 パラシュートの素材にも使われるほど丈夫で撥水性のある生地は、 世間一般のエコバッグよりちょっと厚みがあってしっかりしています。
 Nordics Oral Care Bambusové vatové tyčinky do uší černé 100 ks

==

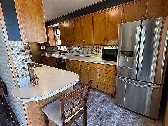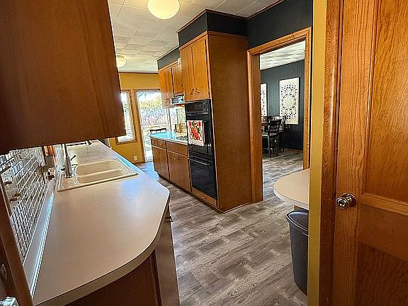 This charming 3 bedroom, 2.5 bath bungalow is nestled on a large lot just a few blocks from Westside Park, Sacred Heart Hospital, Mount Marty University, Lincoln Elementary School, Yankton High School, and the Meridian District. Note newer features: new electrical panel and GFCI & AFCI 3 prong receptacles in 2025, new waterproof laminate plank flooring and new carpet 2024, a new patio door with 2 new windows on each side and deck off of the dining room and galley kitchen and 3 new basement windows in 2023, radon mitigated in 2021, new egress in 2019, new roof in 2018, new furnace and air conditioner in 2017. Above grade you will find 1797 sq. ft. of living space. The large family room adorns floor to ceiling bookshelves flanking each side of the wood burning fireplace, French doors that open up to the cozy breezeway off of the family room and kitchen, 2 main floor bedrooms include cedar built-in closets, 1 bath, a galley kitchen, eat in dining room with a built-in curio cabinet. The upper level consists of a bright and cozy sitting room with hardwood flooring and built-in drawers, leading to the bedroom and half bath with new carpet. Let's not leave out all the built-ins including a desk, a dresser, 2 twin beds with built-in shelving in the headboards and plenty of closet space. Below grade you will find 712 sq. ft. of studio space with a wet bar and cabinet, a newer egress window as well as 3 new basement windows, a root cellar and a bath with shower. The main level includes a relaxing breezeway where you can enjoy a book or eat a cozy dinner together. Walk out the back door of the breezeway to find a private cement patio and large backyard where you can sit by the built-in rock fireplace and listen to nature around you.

--

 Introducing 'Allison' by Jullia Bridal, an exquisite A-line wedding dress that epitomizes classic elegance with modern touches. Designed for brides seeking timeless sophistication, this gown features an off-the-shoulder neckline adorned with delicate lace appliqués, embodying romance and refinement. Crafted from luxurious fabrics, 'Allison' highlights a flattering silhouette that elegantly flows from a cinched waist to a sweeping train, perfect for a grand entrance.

- _WHAT YOU SHOULD DO_: Look above for the line with "パラシュートの素材にも使われ" and the line with "Nordics Oral Care". Retype those two lines and every line between them exactly, adding nothing.

- _ANSWER BOX_:
 パラシュートの素材にも使われるほど丈夫で撥水性のある生地は、 世間一般のエコバッグよりちょっと厚みがあってしっかりしています。
 Nordics Oral Care Bambusové vatové tyčinky do uší černé 100 ks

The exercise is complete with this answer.